A: "Murrumbidgee River is fun and safe for children to swim in! No one came to any harm there for the last 100 years!" B: "Dunno... my dog was eaten by a crocodile there last Saturday..."

B's dog is a sample of one, but maybe worth paying attention to.

2 comments

In your example, A is not relating a statistical or experimental finding, but instead dispensing commonsense knowledge which happens to be objectively false. It's not what the OP is talking about.
Commonsense, like ulcers are caused by diet and anxiety, or that salt raises blood pressure?

I think a good point is made: statistical evidence is also misleading - it deliberately ignores (averages out) the extreme cases. The results are a distribution; statistics folds that into one number. Anecdotes fill out the distribution.

Ulcers are not generally caused by diet and anxiety, but rather by bacterial infection. Anecdote is a much more compelling refutation of "common sense" than it is of empirical statistical evidence.

Statistical evidence is not misleading; it's simply the case that if you are seeking outliers, as in your example, then looking at measures of central tendency won't contain what you're looking for. Anecdote has no role in "fill[ing] out the distribution."

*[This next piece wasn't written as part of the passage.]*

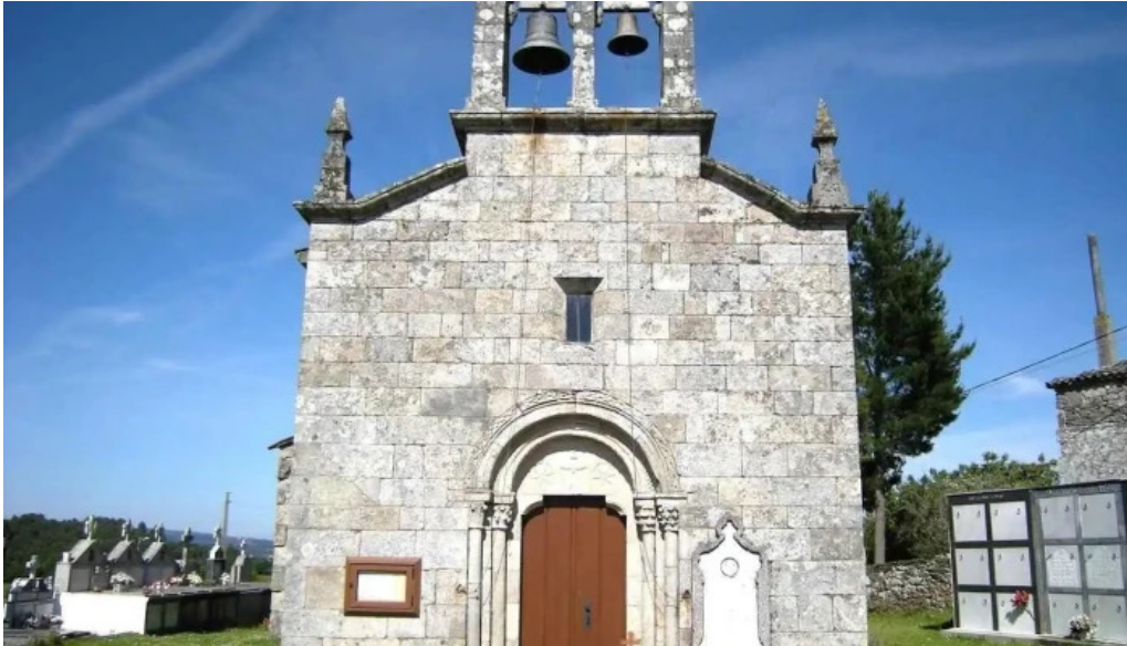
Iglesia de san lorenzo de peibas antes de ulla

You don't challenge "false, but widely held beliefs" with anecdotes - those beliefs actually is exactly what anecdote becomes when it starts being repeated.

Alerting people to new circumstances is a good use, but that's pretty much all. Proof by counterexample works well only in mathematical logic, which is not how the real world works[1]. In reality you enter the domain of probability theory, and there counterexamples work exactly as the article author says - as an evidence that needs to be properly weighted. And these are those weights that people vastly overestimate in case of anegdotes.

[1] - by this I mean, mathematical logic is not how we model, comprehend and operate reality.